Independant of the soap, I believe biodiesel can hold 1500 ppm of water before it's saturated.

quote:

I'll try 1000V AC tonight and see what happens at 50Hz and 400Hz.

I don't think AC is going to produce anything. You are basically electroplating with soap, and the AC current is going to repel the soap from the (+) plate as much as it attracts (and the same for the (-) plate).

If I'm wrong...cool.

quote:

Originally posted by GrahamLaming:
Hi Paul

I'll try 1000V AC tonight and see what happens at 50Hz and 400Hz.

I've heard of electrostatic 'coalescers' used in the oil industry to help water droplets group together so they fall out of oil quicker. They run on AC. Not sure what voltage gradient they run.

Will let you know how the AC soap removal goes.
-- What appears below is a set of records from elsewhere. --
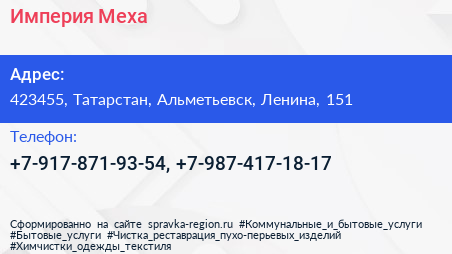 Империя Меха по адресу 423455, Татарстан, Альметьевск, Ленина, 151 в дальнейшем Организация, размещена в следующих категориях: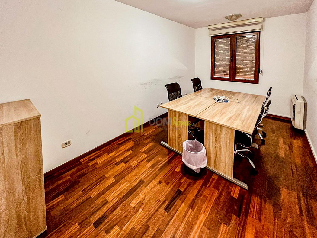 Sastoji se od ulaznog hodnika, tri prostorije, arhive, kuhinje, kupatila, toaleta i terase.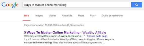 And what about searching "ways to master online marketing" without the quotes? Doing so will put me in the whole competition. Right? (Here are the drums)... Not on the first page, I clicked next, Not on second page, I clicked next, Not on third page, I clicked next! Results are awesome. I'm first on page 4 (see snapshot below). This means that in less that a few hours I climbed to the 31st rank.

But, so far, I quite like the DC effect, because you can scrape off the soap as a nice thick gel, from the positive plate.
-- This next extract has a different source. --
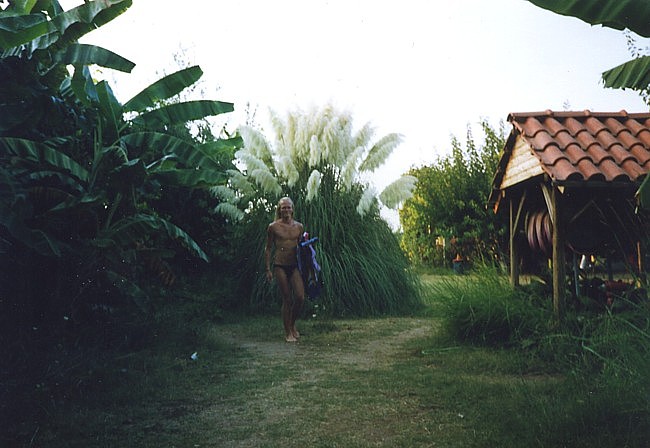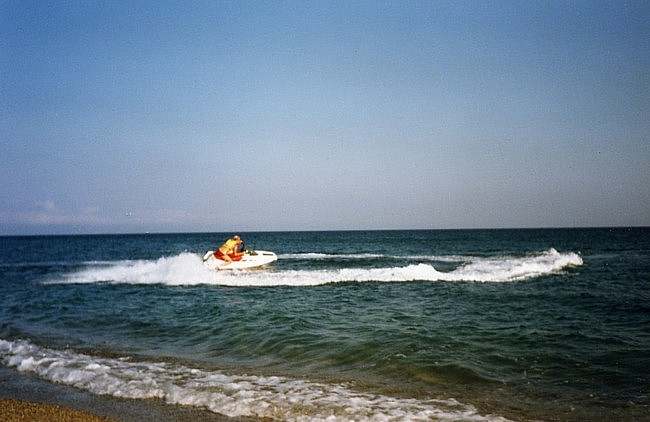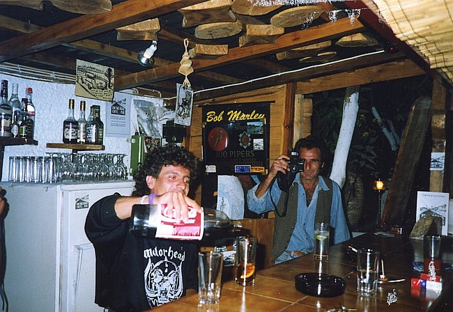 Nach einer herzlichen Begrüßung schlugen wir schnell unser Lager auf und ich freute mich, nun endlich wieder unter freiem Himmel schlafen zu können. Bei meinem ersten Urlaub in Griechenland hatte ich es geschafft, nicht eine Nacht unter einem Dach zu verbringen und nun wurde es nach einer Nacht im Waschhaus und vier Nächten in einem Bett im geschlossenen Raum auch höchste Zeit, beim Einschlafen wieder das Sternenzelt über mir zu haben. Torsten und Petra, so erfuhren wir, waren erst einen Tag vorher in Richtung Githio aufgebrochen und wir wollten erstmal eine weitere Woche auf dem Camping verbringen. Wir lernten eine Gruppe Münchener kennen, alle vier ebenfalls auf ihren Motorrädern unterwegs, und verstanden uns auf Anhieb sehr gut mit ihnen. Die Tage vergingen und die Jungs aus München mußten abreisen – wir verabredeten uns, auf dem Rückweg bei ihnen vorbei zu kommen, um zusammen zur Wiesn zu gehen. Am Abend, bevor wir runter nach Githio wollten, fuhren wir mit Lisa und Benni zur Panajiri nach Kypparissia. Sowas hatte ich noch nicht gesehen, ein irres Gewusel... Als ich die Fahrgeschäfte sah, und wie sich die Leute darüber freuten, war ich gleichzeitig fast schon etwas beschämt, wenn ich an den Hamburger Dom dachte... Lisa und Benni trafen natürlich auch viele Bekannte, die sich wunderten, was sie wohl mit den beiden Langhaarigen in den über und über geflickten Hosen wollten und fragten, ob wir entweder sehr arm oder Verbrecher seien Wir fuhren irgendwann mit dem Taxi zurück, und im Gegensatz zum Hinweg fuhr der Taxifahrer auch wie ein griechischer Taxifahrer – oder zumindest wie ich mir einen griechischen Taxifahrer vorgestellt hatte Am nächsten Tag fiel mir der Abschied einerseits schwer, andererseits wollten wir aber auch noch nach Githio. Ich hatte Friedel von Githio und von Takis und dem “On the road Pub” erzählt, jetzt mußten wir einfach dort hin. Statt wie im Jahr zuvor über das Taiyetos Gebirge zu fahren, nahmen wir den Weg an der Küste entlang bis Areopolis und von dort aus in Richtung Githio. Diesmal wollte ich allerdings nicht wieder auf den Camping Mani Beach, sondern auf einen Tipp von Ruben und Susanne fuhren wir den Camping Githio Bay an. Dort angekommen fanden wir schnell das Zelt von Torsten und Petra, und da die beiden grad nicht dort waren, machten wir uns den Scherz und schmissen unsere Klamotten einfach nur in ihr Zelt und verschwanden wieder – das Gesicht von Petra hätten wir aber schon gern gesehen Angekommen am Hafen freute ich mich, wieder dort zu sein, hatte ich mich doch ein Jahr vorher schon irgendwie in den Ort verliebt. ![]() Nach einem gemütlichen Essen düsten wir zurück zum Camping und trafen dort auch Torsten und Petra, die natürlich erstmal wissen wollten, wie es auf Zakynthos gewesen sei – wir berichteten ausführlich und fuhren dann zum “On the road Pub”. Richtig gelesen, wir fuhren die ~100m Neben einem jungen Griechen namens Thalis arbeitete Takis' neue Freundin Sissi aus Österreich ebenfalls hinter dem Tresen. Wir vereinbarten gleich, einen Zettel zu machen statt jeden Drink einzeln zu zahlen, und ließen es hoch her gehen – Torsten kam dabei auch nicht zu kurz, sehr zur Freude von Petra ![]() Irgendwann ging Takis nach unten, trat seine uralte BSA an und... ließ sie einfach laufen, ging wieder nach oben in den Pub und genehmigte sich erstmal einen Whisky und wir schauten seinem Motorrad beim Warmlauf zu. Torsten, Friedel und ich ließen uns nicht lumpen, gingen ebenfalls nach unten und zelebrierten schöne Burn-outs mit unseren wirklich nicht grad leisen Mopeds Morgens gegen 4Uhr verließen wir den Pub, nachdem wir die Zeche von ~10.000GDR gezahlt hatten – für insgesamt drei extrem durstige “Wilde” zur damaligen Zeit keine wirkliche Offerte, heutzutage aber warscheinlich dreimal so teuer. Am folgenden Tag fuhren wir zu viert in den Ort und nahmen erstmal ein kräftiges Frühstück zu uns – mittlerweile hatte ich mich vollstens an Omeletta oder Spiegeleier mit Speck gewöhnt Danach bummelten wir ein wenig durch die Läden, saßen auf der Platia und genossen zu viert das süße Nixtun Nachmittags entdeckten wir am Strand einen Verleih von SeaBikes, d.h. eigentlich war der Betreiber dabei, einzupacken weil die Saison vorbei war. Wir brauchten nicht lang, ihn zu überreden, daß wir doch noch fahren konnten – da hatten wir nun die SeaBikes, nachdem es auf Zakynthos ja nicht so geklappt hatte. Bei ausreichend Seegang pflügten wir abwechselnd durch die Wellen, Torsten und ich versuchten es auch zu zweit, was aber immer schnell im Wasser endete – für mich ![]() Am folgenden Tag sollte ich dann auch begreifen, warum der Betreiber auf Zykynthos uns belächelt hatte als wir nach einem ganzen Tag fragten... übermotiviert war ich die schrägsten Schräglagen gefahren und aufgrund des Wellenganges alles nicht im Sitzen, sondern immer aus den leicht angewinkelten Knien heraus, und das wurde mit solch einem intensiven Muskelkater quittiert, daß ich kaum laufen, geschweige denn schmerzfrei auf´s Moped steigen konnte Abends saßen wir wieder auf der Platia und als wir die Straße hoch zum Barbier gehen wollten, fiel mir ein bärtiger Typ auf, unsere Blicke trafen sich und er zwinkerte mir typisch griechisch mit dem rechten Auge zu… wir kamen schnell ins Gespräch, er hieß Henry, kam aus Berlin, fuhr eine alte Honda CB750 als AME Umbau und wohnte seit einem guten Jahr in Gythio. Wir verabschiedeten uns „man sieht sich“ und kehrten erneut bei Takis ein. Tags drauf fuhren Torsten und Petra ab, ihr Urlaub neigte sich unweigerlich dem Ende. Friedel und ich trafen Henry im Ort und er zeigte uns wo er arbeitete. Henry brachte jedem ein Getränk, und auf meine Frage, was das denn sei, antwortete er „kalter Kaffee mit Milch und Zucker“ – das war mein erster Frappe und ich wunderte mich, wie gut das schmeckte, vorher hatte ich mich irgendwie nicht getraut, das zu probieren... Wir verabredeten uns

I will also make a fresh test batch without the 5% prewash, to see if the lower water content has a noticable effect on separation speed and quality.
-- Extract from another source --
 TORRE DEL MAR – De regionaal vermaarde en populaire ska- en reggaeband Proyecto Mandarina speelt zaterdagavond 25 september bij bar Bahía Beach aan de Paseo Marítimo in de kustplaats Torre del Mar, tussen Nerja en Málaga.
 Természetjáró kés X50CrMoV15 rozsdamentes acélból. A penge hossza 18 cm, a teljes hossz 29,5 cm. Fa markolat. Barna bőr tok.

Remember folks, this only works properly on biodiesel which has had its methanol completely removed. If you have any methanol in your biodiesel, some soap will remain dissolved in the methanol and won't separate.

Graham, would it be possible for this field to overcome the bond that the meth and soap have? or is that bond too strong?

Well, someone, please try this!

Freshly brewed biodiesel, no 5% prewash, not settled, full of glycerol etc.

Get 2 glass jars.

Fill both with bio and apply a field to one only and compare glycerol settling speed.

If I can only get my video camera to work, I'll make a movie of it.

The glycerine PLUMMETS to the bottom in the jar with the applied field. I'd guess 10 to 15 times faster than just sitting.

You must use much less voltage, maybe 10V/mm gradient, due to the excess Na ions. (I am using 300V DC aross plates 30mm apart. I can probably use much less voltage than that.)

But this is dramatic settling speed.

quote:

Originally posted by Ryan P.:

quote:

I'll try 1000V AC tonight and see what happens at 50Hz and 400Hz.

I don't think AC is going to produce anything. You are basically electroplating with soap, and the AC current is going to repel the soap from the (+) plate as much as it attracts (and the same for the (-) plate).

If I'm wrong...cool.

Well, my thought was that a relatively slow frequency would, as you say, both attract and repell the soap, so that it clumps together on the electrode first, and then gets repelled to settle on the bottom...

Let's see what Graham finds out...

Paul

for anyone interested... if currently truly is NOT important, you can get DC voltage multipliers that will easily produce 10kV (which is sufficient according to graham) for a 28 inch difference.

Kinda interested myself but unfortunately i have way too many irons in the fire as it is. My ears are perked up and i'm anxiously awaiting the progress of this thread.

The video is 2.4 MB so I apologise now for the size.

You can find it here ....

RIGHT-CLICK and choose "Save Target As" or "Save Link AS" to save it to your hard-drive.

Choose "Save as Type" = "ALL Files" for Windows Explorer, or "3GPP Movie Importer" if you have Firefox.

Then play it. You may need to download a freeware 3GP player if your existing media player doesn't support 3GP.

Sorry, my MPEG camera is just not playing ball today.

http://www.graham-laming.com/bd/nr.htm

This message has been edited. Last edited by: GrahamLaming,

Cant get that link to work in either IE or Firefox.

I get a london electronics site map...

I did something similar last year. This was an attempt to recover pollutants from first stage washwater. I stood a wire gauze cylinder on a plastic insulator set in the centre of a tinplate biscuit tin filled with the solution. Then applied 12 V battery charger. Lots of bubbles from the gauze (forget which was anode & cathode now). Liberated FFA and bio floated to the surface. Abandoned this approach as ion exchange with Epsom salts worked better.

Here's a Windows video version of the file.

Unfortunately only 50% of the video would convert.
Frustrating things - computers....

http://www.graham-laming.com/bd/nr.htm


Any better?

This message has been edited. Last edited by: GrahamLaming,

Graham,

Was that glycerine/bio mix de-meth'd?